* **Task goal**
What are the lines from the top of the entries through the one with "Loại acc | MUA"? Write them out exactly, with no pictures.

* **Task data**
--- START ---

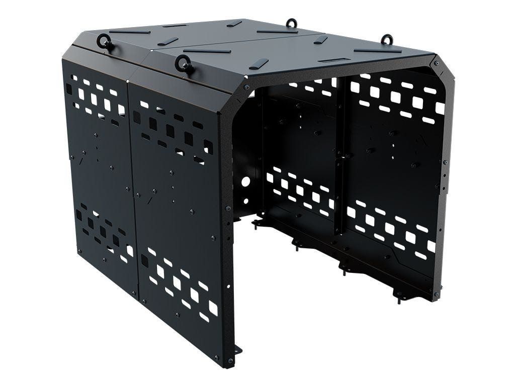 Boční panely jsou navrženy se vzorem Molle, takže na ně lze přímo upevnit menší vybavení a příslušenství. Koš tak neslouží jen k ochraně lednice, ale pomáhá i s přehlednější organizací výbavy v nákladovém prostoru.
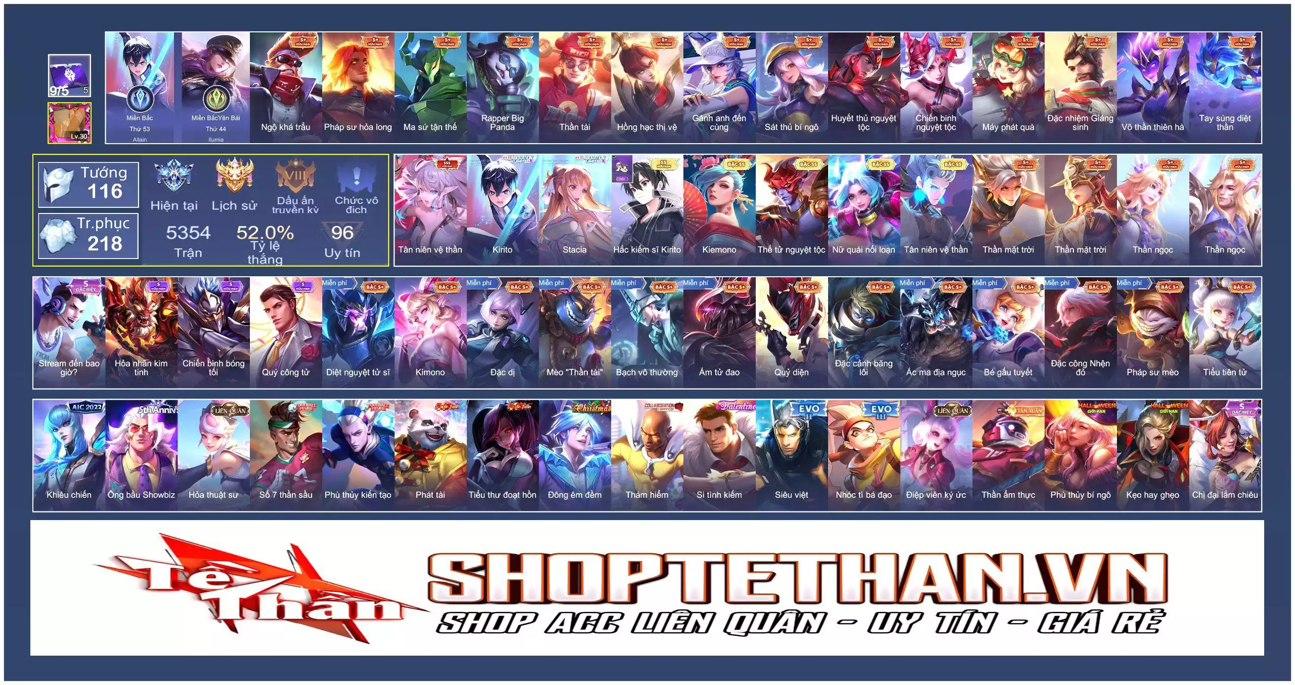 Loại acc | MUA ACC LIÊN QUÂN VIP: SKIN SSS, ANIME, CỤC VÀNG, MÁC THÁCH ĐẤU |
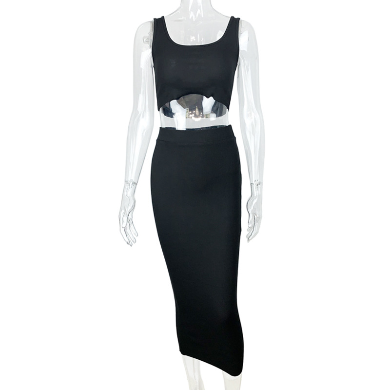 여름 2022 새로운 대외 무역 유럽과 미국 여성의 섹시한 조끼 2 피스 배꼽 짧은 탑 튀김 거리 원피스
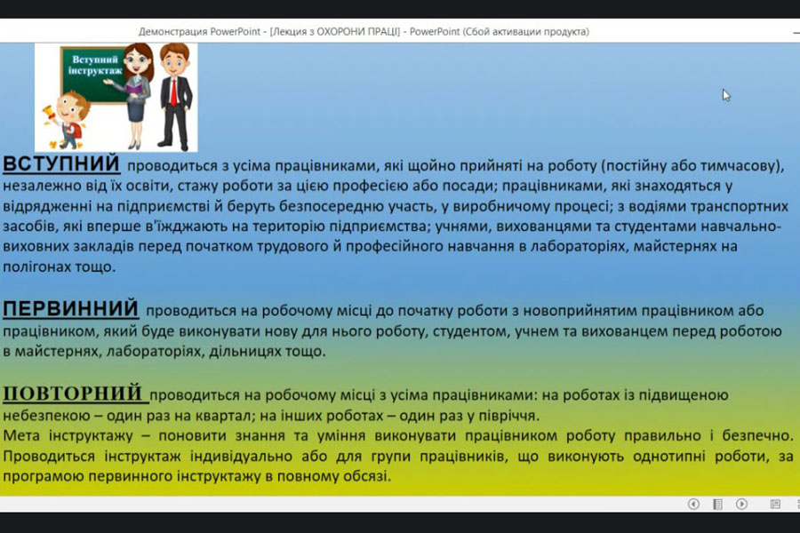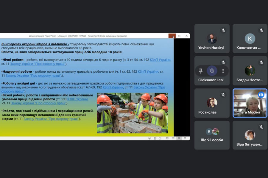 Мета лекції полягала у ознайомлені здобувачів освіти з основними нормативно-правовими актами, які регулюють сферу охорони праці в Україні. Ольга Йосипівна висвітлила актуальні вимоги законодавства та нормативи і наголосила на основних нюансах, які варто враховувати при організації роботи та освітньої діяльності.
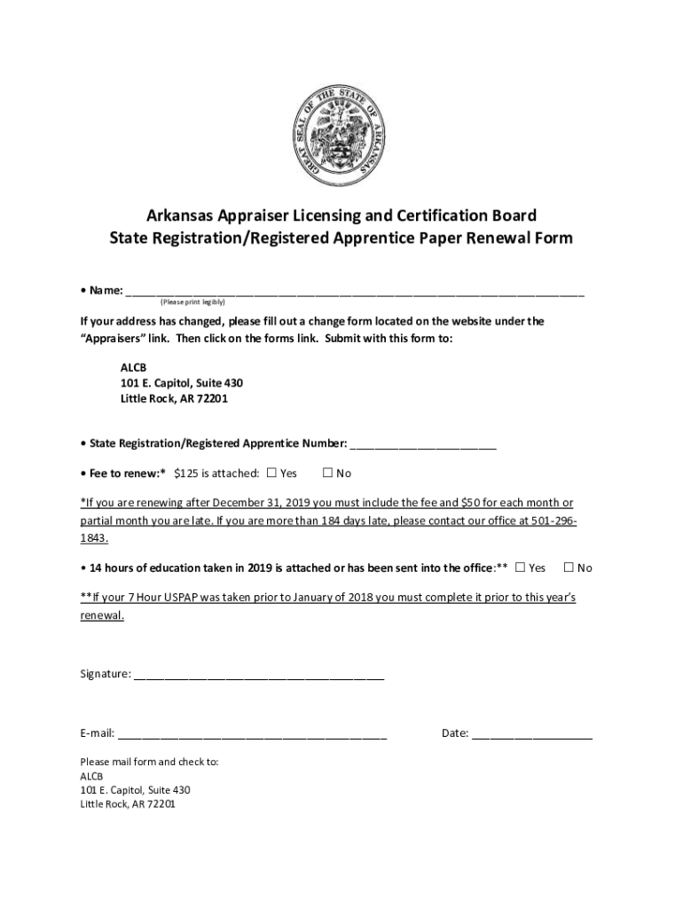 Arkansas Appraiser Licensing and Certification Board State Registration/Registered Apprentice Paper Renewal Form Name: ___ (Please print legibly)If your address has changed, please fill out a change
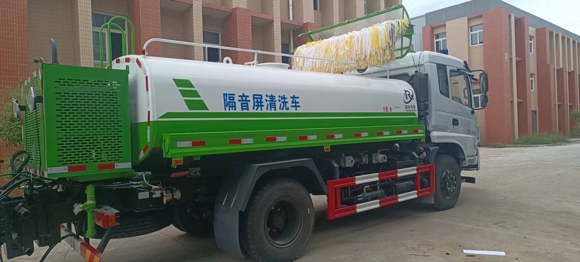 地道洗濯车是通过高速扭转的刷子共异高压水冲刷,真隐对地道壁面及隔音屏(内壁面)洗濯功课的公用车辆。该车由底盘、水箱、动力箱、功课臂、清、操作室、节造体系等次要部件构成。整件全液压驱动,仿生设想的功课臂动员大直径清,倏地到达各个洗濯真隐洗濯功课,整件操作简洁矫捷,平安舒服。 洗濯安装采用愚能调解体系,正在_上端安装有超声波传感器,及时检测与被洗濯的墙面之间的形态,按照检测的数据实时调解正转展转平台与墙面间的角度,与墙面连结较糟的的形态:既能速率较快、效率较高的洗濯墙面,又能避免机构撞击墙面。
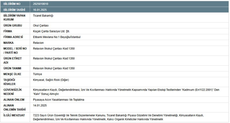 Ticaret Bakanlığı, Güvensiz Ürün Bilgi Sistemi’ne (GÜBİS) bu kez bir okul çantası için uyarı notu ekledi. Söz konusu okul çantasının, kimyasal açıdan sağlık riski barındırdığı bildirildi. Bakanlık, çantanın piyasaya arzını yasaklarken, mevcut ürünlerin de toplatılmasına karar verdi.
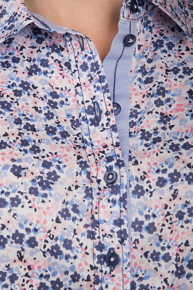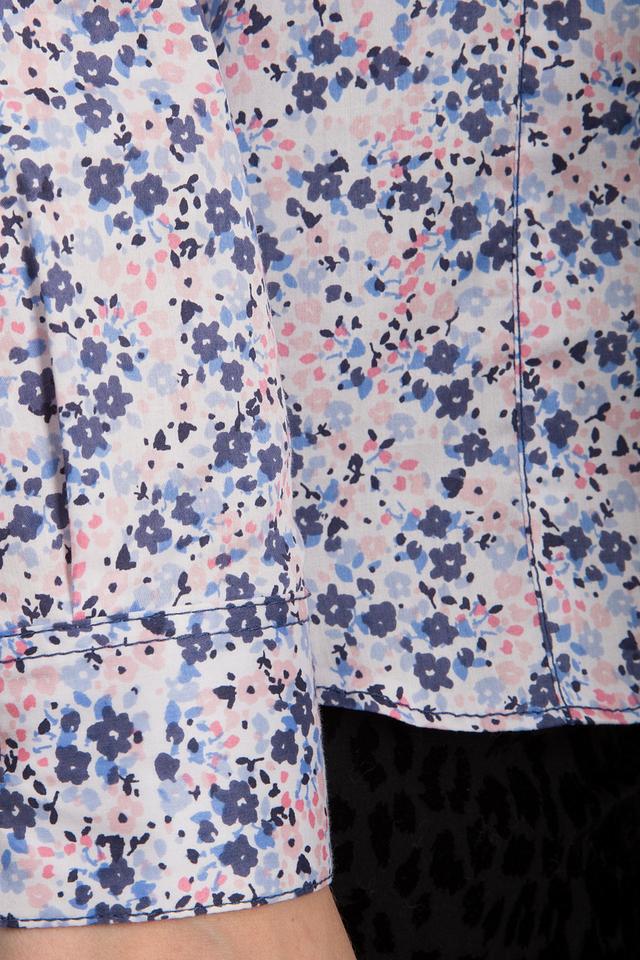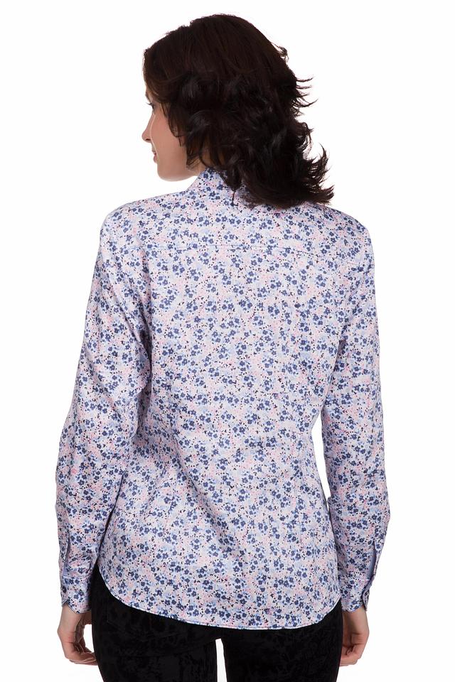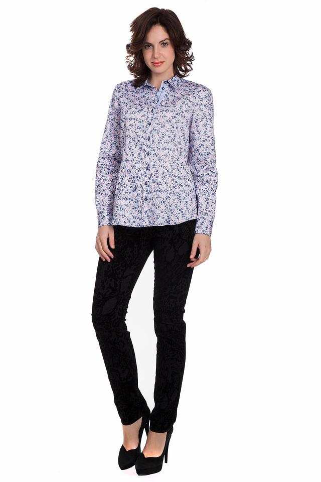 Блуза имеет классический крой с длинными рукавами и отложным воротником. Она украшена очаровательным цветочным принтом, выполненным в нежных оттенках голубого, розового и синего. Застежка на пуговицы обеспечивает удобство надевания и снятия.
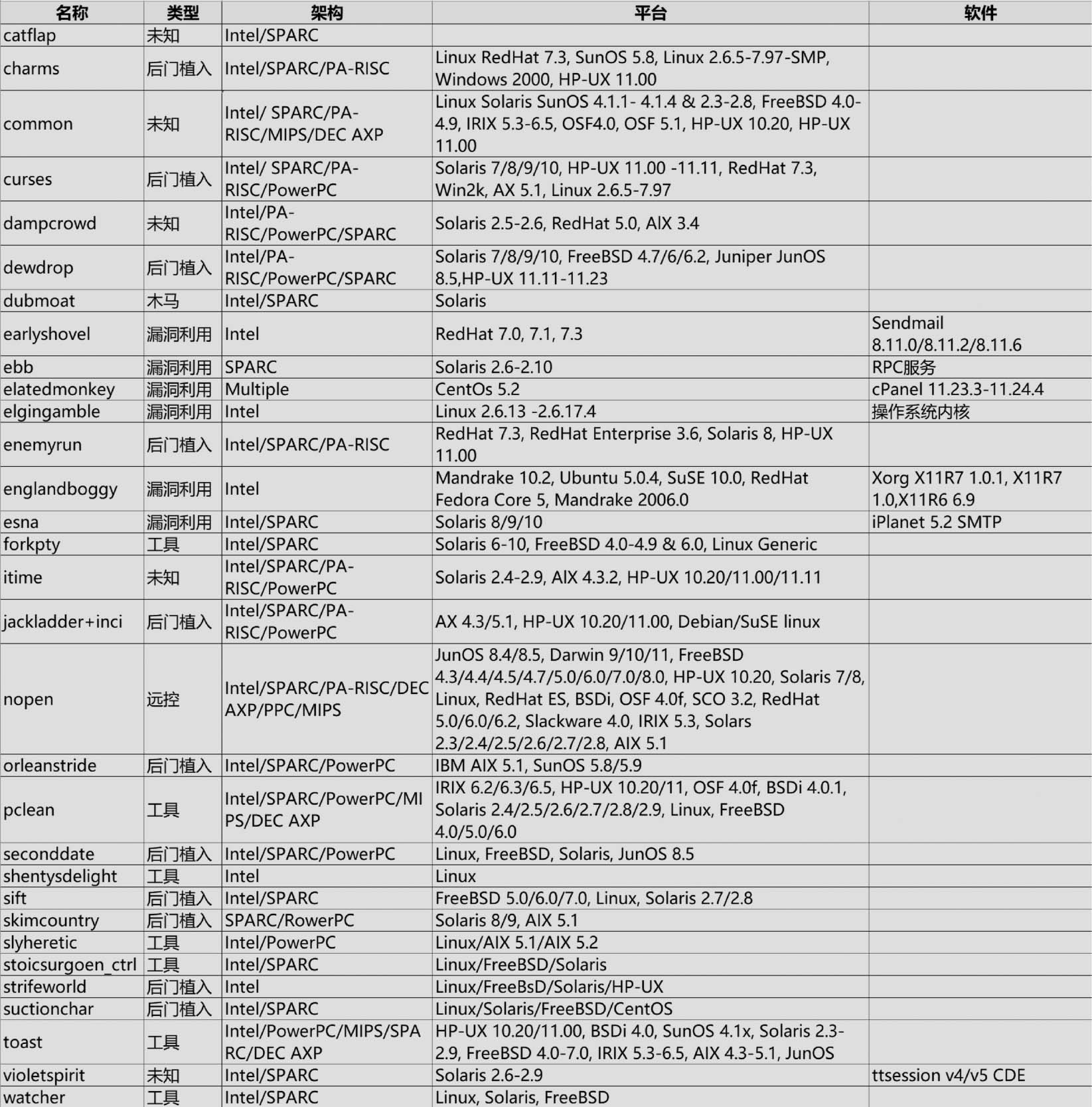 ·图1-5 “影子经纪人”泄露的UNIX黑客工具(部分)
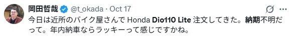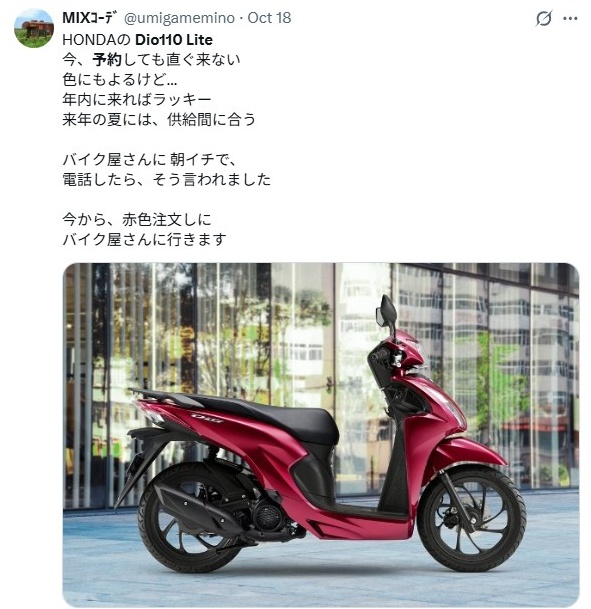 2026年に入り、ホンダの生産体制は安定しつつありますが、Dio110 Liteは価格の安さから需要が常に高く、入荷してもすぐに売れてしまうという回転の速さが納期に影響を与えています。

--- END ---

* **Answer section**
 Boční panely jsou navrženy se vzorem Molle, takže na ně lze přímo upevnit menší vybavení a příslušenství. Koš tak neslouží jen k ochraně lednice, ale pomáhá i s přehlednější organizací výbavy v nákladovém prostoru.
 Loại acc | MUA ACC LIÊN QUÂN VIP: SKIN SSS, ANIME, CỤC VÀNG, MÁC THÁCH ĐẤU |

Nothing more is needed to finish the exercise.